Le malentendu le plus courant à propos du bitcoin et des autres crypto-monnaies est que les transactions sont totalement anonymes et que les cryptos sont donc populaires auprès des criminels. Le premier est incorrect, le second est Traceurs dans le noir, par le journaliste technologique américain Andy Greenberg. Un livre sur la chasse au „les seigneurs du crime de la crypto-monnaie ».

La crypto-monnaie a un grand attrait pour les criminels.

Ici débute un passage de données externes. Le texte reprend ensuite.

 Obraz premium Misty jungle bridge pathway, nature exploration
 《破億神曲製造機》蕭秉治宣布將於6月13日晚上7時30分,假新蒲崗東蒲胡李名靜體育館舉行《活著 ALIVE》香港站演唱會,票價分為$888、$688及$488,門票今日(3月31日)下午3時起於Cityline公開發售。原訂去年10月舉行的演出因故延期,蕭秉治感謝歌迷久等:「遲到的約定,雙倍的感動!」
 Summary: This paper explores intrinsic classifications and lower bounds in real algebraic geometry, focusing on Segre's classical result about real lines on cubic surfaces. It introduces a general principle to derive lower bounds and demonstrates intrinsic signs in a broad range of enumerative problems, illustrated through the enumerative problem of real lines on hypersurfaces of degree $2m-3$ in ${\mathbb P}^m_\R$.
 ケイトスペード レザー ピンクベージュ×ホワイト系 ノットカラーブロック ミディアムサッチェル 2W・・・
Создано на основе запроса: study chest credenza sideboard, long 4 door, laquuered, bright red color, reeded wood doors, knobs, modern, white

Il a la rapidité et l’apesanteur de l’argent liquide, sans l’inconvénient des transactions bancaires, à savoir que vous devez vous identifier. Peu de temps après la création de bitcoin en 2009, un premier marché sur le « dark web » a été construit, The Silk Road. Il n’a pas pu être trouvé avec un moteur de recherche normal, mais avec le navigateur Tor, qui permet de surfer de manière anonyme. De la drogue y était échangée avec des cryptos, entre autres.

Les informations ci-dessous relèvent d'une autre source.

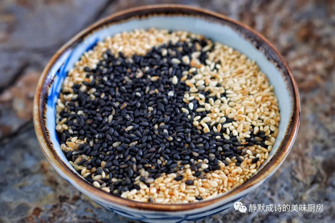 2、准备一些炒熟的芝麻,我直接买的熟芝麻,黑芝麻和白芝麻都来点儿,量自己掌握就好。
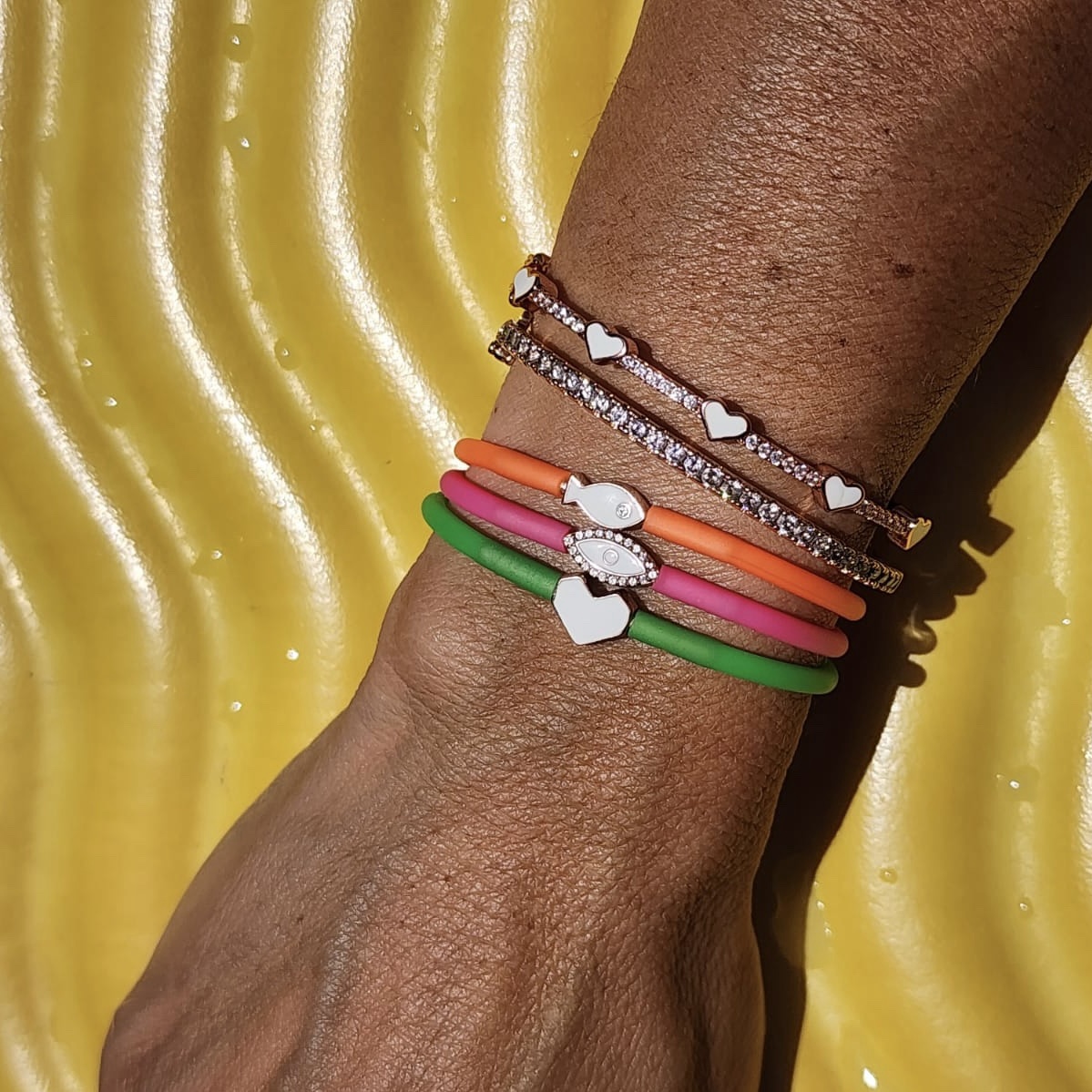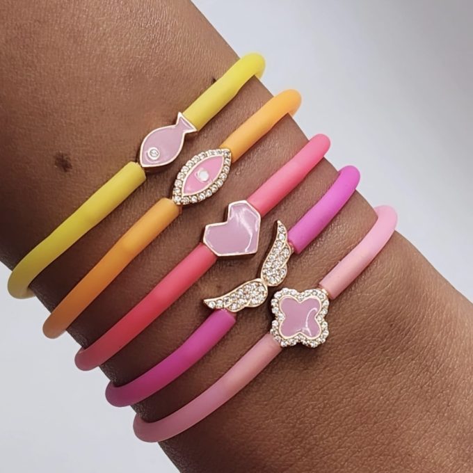צמיד סיליקון מגומי חזק ואיכותי עם אלמנט לב קרמי מכסף אמיתי 925

La route de la soie s’est développée rapidement et les administrateurs se sont sentis en sécurité. Au départ, les détectives pensaient également qu’ils ne pouvaient pas y faire grand-chose. Les deux parties devaient encore comprendre comment fonctionnent les crypto-monnaies, à savoir basées sur une base de données publique avec toutes les transactions, la soi-disant blockchain. C’est une mine d’or pour un certain type de détective, qui sait ce qu’il faut chercher si l’on veut découvrir qui se cache derrière les adresses de réception (une longue suite de lettres et de chiffres) du produit du crime.

Greenberg décrit comment les enquêteurs ont appris cela par essais et erreurs depuis 2013. Ses personnages principaux aiment les puzzles. L’un est un universitaire passionné spécialisé dans la cryptographie, l’autre un comptable initialement ennuyé du département d’enquête financière. Complété avec le type qui préfère défoncer les portes, mais a découvert un cybercrime par hasard. Et puis a été saisi par les possibilités, par exemple pour enrouler un réseau mondial de pédopornographie.

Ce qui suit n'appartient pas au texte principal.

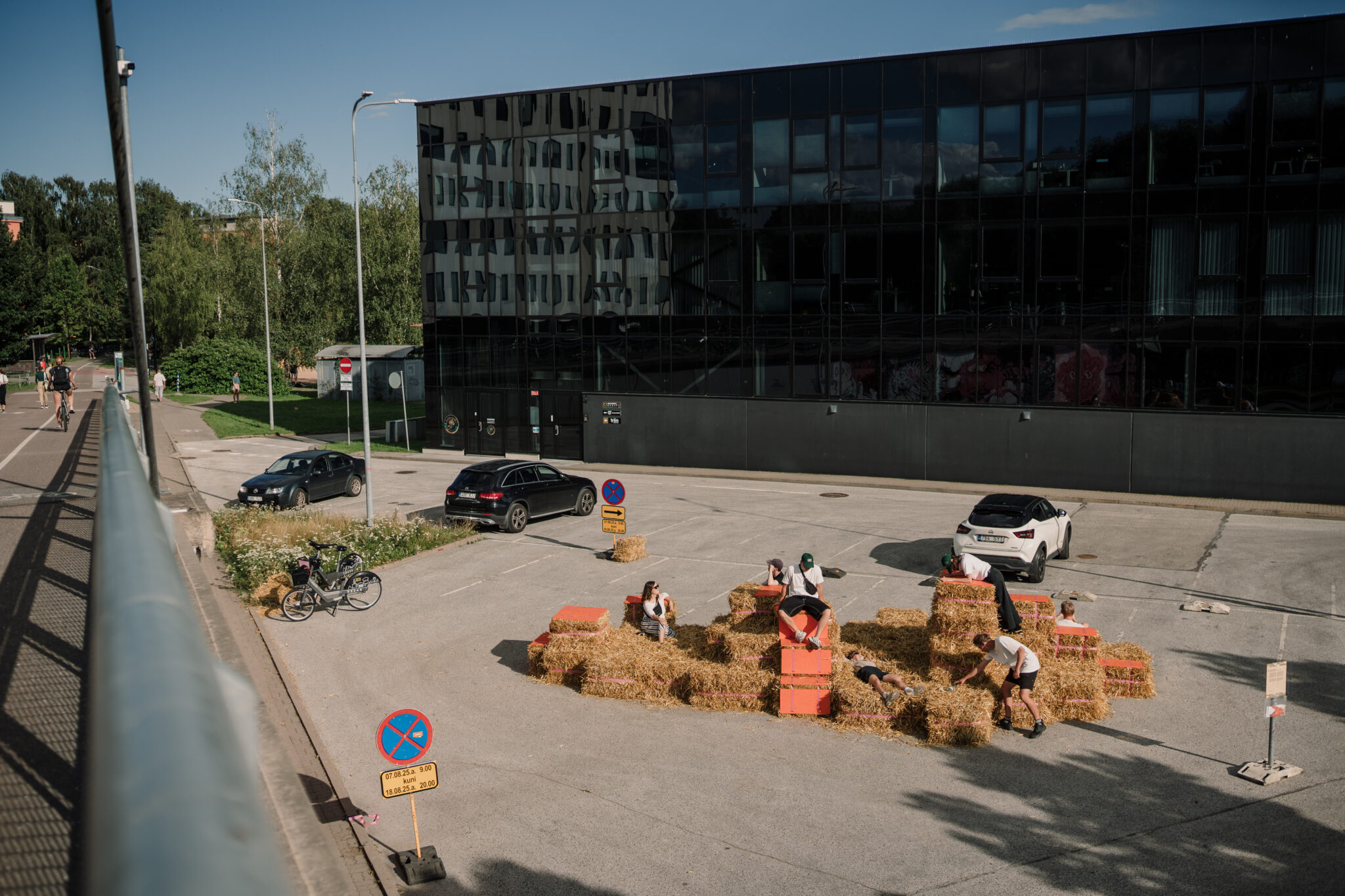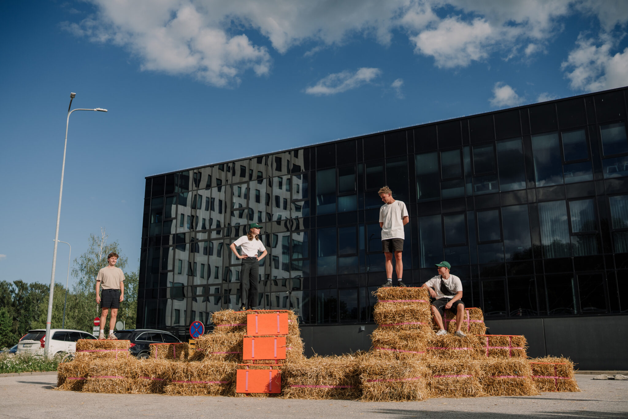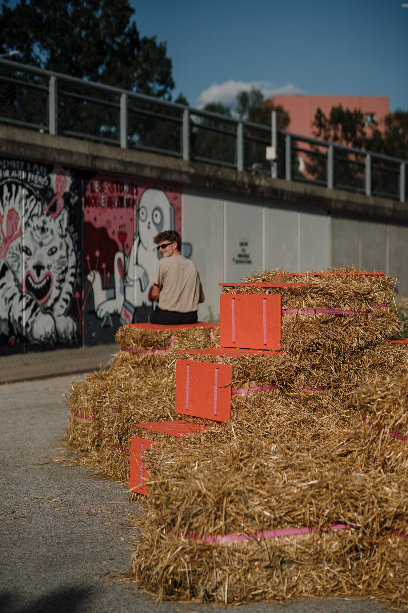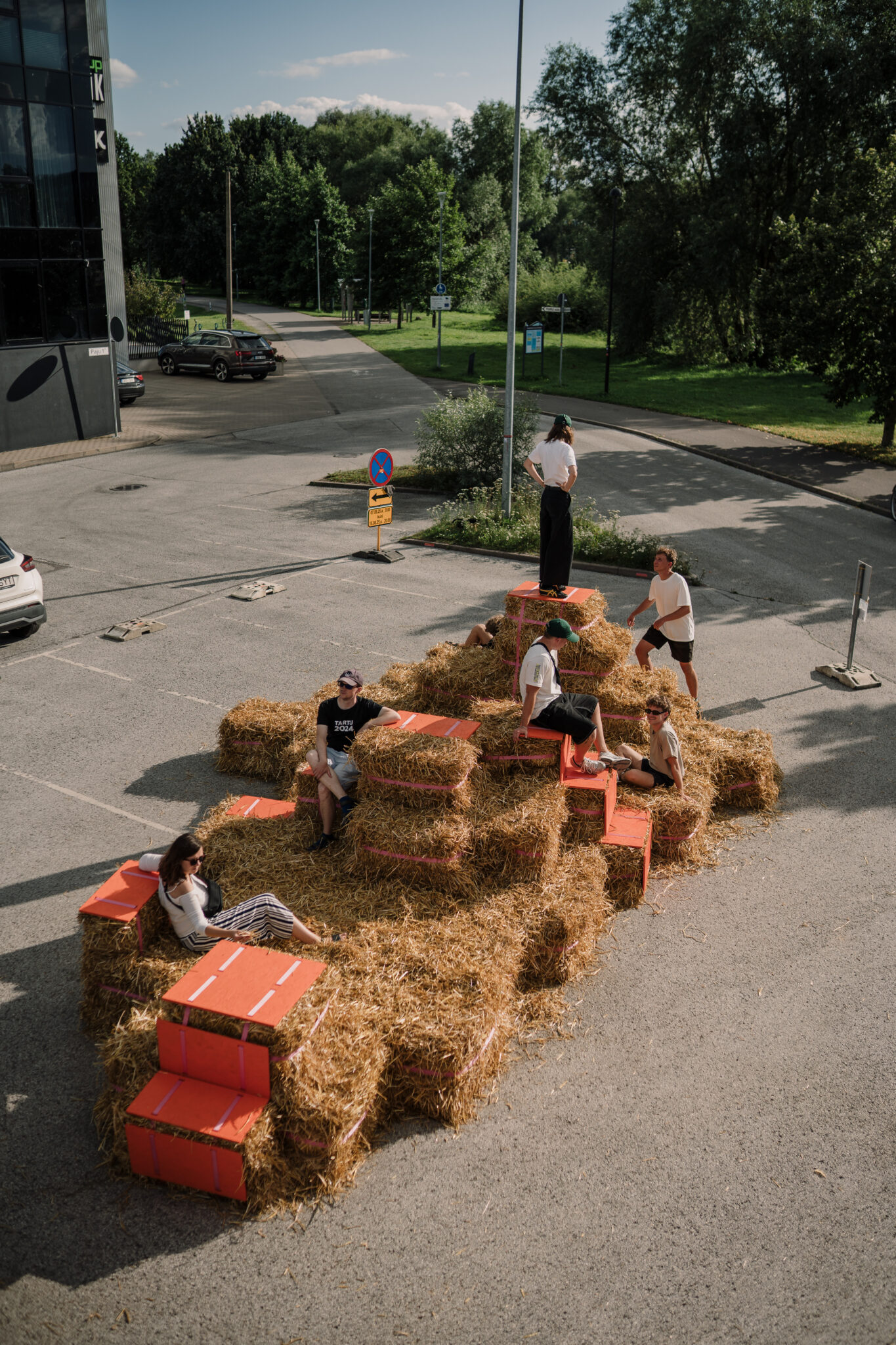 The Floor is lava soft.” intersects the city in the space of a car park – an impermeable slab of of asphalt divided by metal cars with a backdrop of firmly standing buildings. By replacing the typical urban materiality with straw bales, the intervention softens the city landscape, creating a tactile space that is adapted and changed by those using it. This ‘anomaly of softness’ encourages anyone to touch, jump, play, sit, gather or simply just lay around, blurring the borders between the spaces of play and the city itself. Sometimes all it takes is to simply create spaces where play is allowed.

Greenberg rend les nerds de l’informatique cool. Il montre comment ils travaillent ensemble et utilisent les inventions de chacun. Écrire un livre passionnant sur l’énigme avec un fouillis de transactions de personnes encore anonymes est presque aussi admirable que le travail de détective méticuleux lui-même.

“Ne chie pas là où tu manges”

Au début du livre, l’un de ses personnages principaux, le Danois Michael Gronager avec un doctorat en mécanique quantique, tente de découvrir l’identité du voleur de 650 000 bitcoins du mont. Gox, l’échange de crypto le plus important jusqu’en 2014. Le logiciel que Gronager développe à cet effet jette les bases de sa société Chainalysis. La valeur de celle-ci est estimée dans les derniers chapitres à plus de 8 milliards de dollars. Il sert actuellement les échanges cryptographiques, les régulateurs et les procureurs du monde entier.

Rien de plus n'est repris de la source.